▶ **TASK OBJECTIVE**: When you reach the line below that has "The Calanthe Maxi", start returning lines exactly, and stop after the line that has "1、首先,打开装B神器主页,点击箭头所指的炫富类!"; skip the pictures.

(Items from a data source)
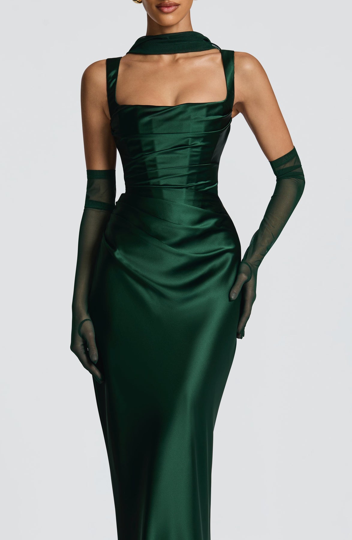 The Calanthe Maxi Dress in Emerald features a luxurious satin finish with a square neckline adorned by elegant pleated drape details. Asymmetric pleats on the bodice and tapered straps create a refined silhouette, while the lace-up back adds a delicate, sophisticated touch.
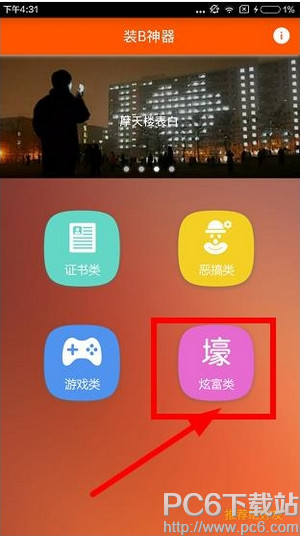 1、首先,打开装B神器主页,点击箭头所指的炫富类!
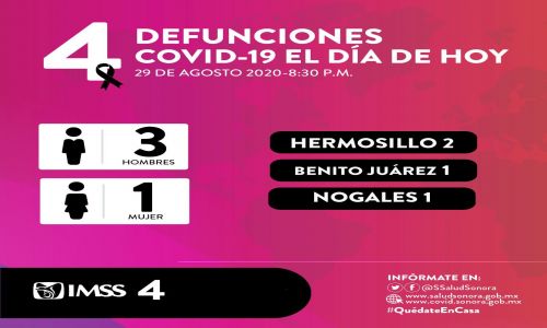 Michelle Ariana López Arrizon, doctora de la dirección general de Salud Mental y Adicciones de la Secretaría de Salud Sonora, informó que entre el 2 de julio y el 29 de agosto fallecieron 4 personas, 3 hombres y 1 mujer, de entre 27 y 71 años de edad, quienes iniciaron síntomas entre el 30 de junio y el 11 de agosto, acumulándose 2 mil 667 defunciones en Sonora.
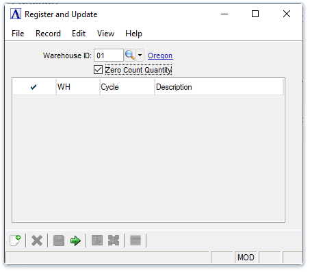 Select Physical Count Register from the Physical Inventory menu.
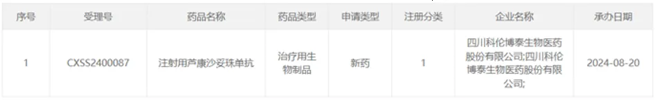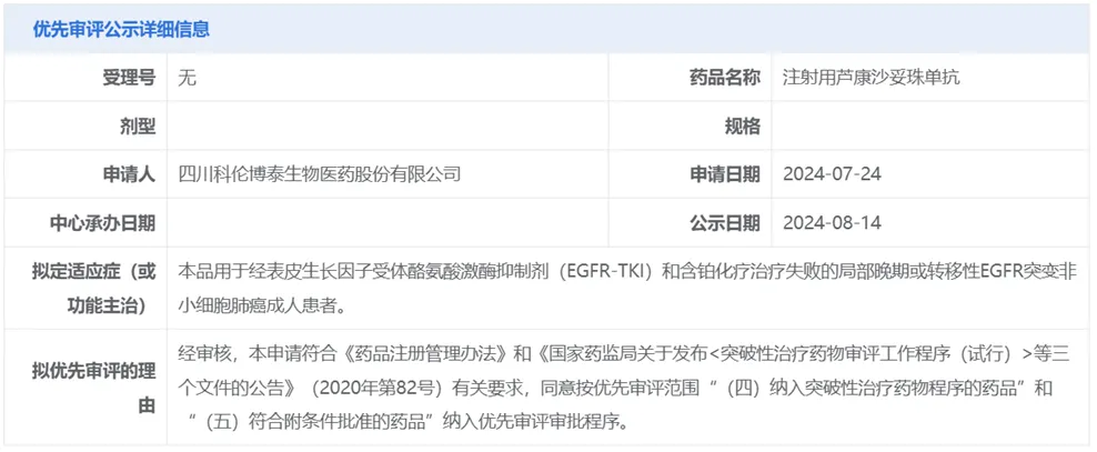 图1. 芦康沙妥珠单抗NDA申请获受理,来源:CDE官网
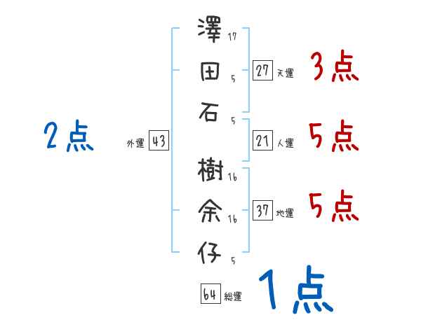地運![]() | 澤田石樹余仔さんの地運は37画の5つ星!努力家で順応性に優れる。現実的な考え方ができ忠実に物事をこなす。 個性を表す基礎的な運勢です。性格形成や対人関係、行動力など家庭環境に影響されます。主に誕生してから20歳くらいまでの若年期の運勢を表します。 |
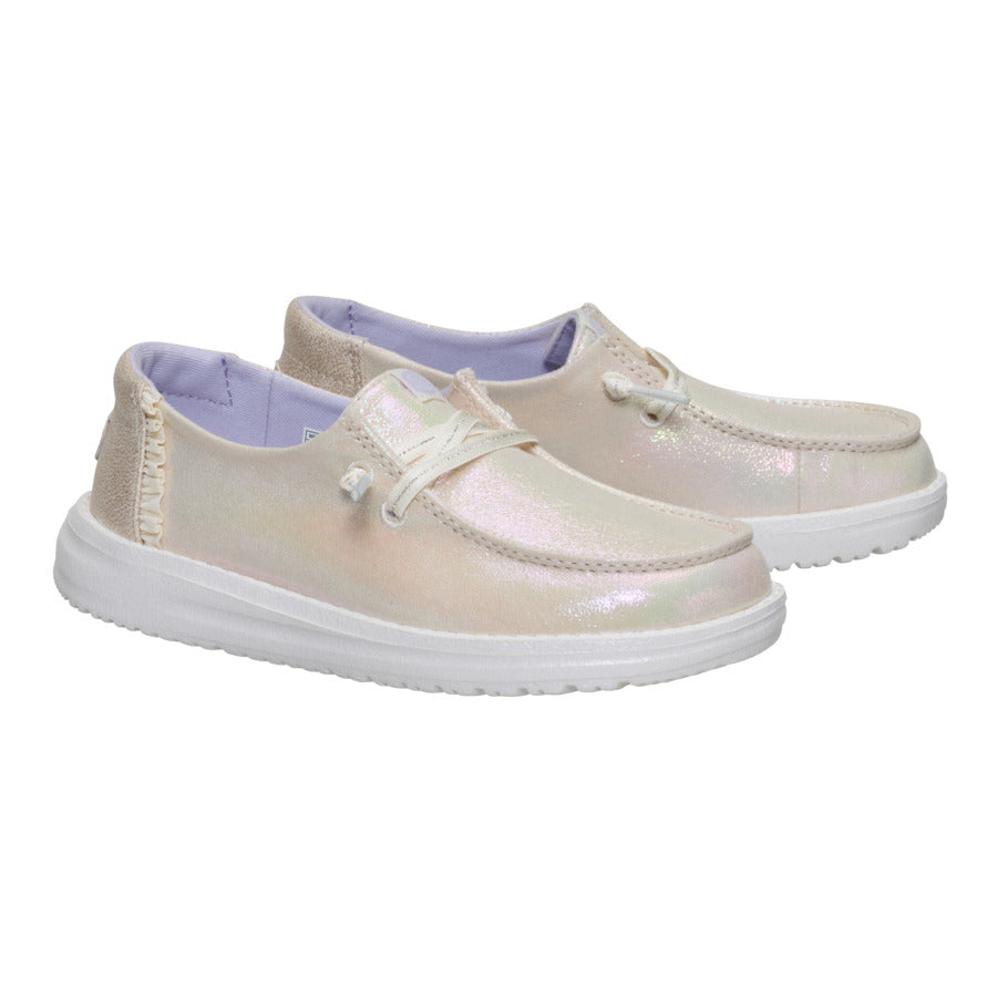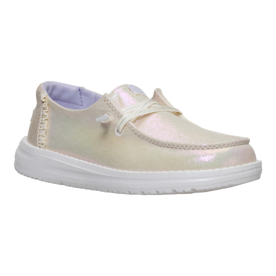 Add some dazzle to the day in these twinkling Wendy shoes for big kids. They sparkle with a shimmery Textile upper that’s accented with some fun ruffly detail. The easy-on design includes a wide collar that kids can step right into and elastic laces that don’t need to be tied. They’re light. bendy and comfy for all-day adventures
---
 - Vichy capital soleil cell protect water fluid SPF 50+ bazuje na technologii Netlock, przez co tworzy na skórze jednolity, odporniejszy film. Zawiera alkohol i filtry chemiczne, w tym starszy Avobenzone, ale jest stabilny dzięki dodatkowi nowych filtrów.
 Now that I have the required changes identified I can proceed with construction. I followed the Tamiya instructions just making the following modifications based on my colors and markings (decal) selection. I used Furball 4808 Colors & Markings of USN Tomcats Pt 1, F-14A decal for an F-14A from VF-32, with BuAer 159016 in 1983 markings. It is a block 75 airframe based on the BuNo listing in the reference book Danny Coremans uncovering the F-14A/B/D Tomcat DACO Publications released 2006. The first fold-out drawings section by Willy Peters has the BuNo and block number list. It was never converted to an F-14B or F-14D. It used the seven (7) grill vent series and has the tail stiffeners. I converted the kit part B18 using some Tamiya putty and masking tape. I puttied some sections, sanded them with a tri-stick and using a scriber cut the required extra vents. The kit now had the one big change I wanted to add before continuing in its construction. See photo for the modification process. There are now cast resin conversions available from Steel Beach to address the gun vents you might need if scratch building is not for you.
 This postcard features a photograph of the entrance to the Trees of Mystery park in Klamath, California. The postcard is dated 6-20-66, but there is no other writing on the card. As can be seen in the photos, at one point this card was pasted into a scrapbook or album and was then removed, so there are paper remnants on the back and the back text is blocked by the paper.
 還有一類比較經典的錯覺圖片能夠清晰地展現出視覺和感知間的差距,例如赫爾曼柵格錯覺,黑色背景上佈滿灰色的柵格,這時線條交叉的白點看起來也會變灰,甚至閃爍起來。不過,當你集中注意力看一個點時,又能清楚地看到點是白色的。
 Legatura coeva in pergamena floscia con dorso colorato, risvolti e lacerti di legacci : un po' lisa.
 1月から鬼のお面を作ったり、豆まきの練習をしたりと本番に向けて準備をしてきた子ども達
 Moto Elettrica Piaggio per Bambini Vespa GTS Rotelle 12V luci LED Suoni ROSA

▶ **WRITTEN SOLUTION**:
 The Calanthe Maxi Dress in Emerald features a luxurious satin finish with a square neckline adorned by elegant pleated drape details. Asymmetric pleats on the bodice and tapered straps create a refined silhouette, while the lace-up back adds a delicate, sophisticated touch.
 1、首先,打开装B神器主页,点击箭头所指的炫富类!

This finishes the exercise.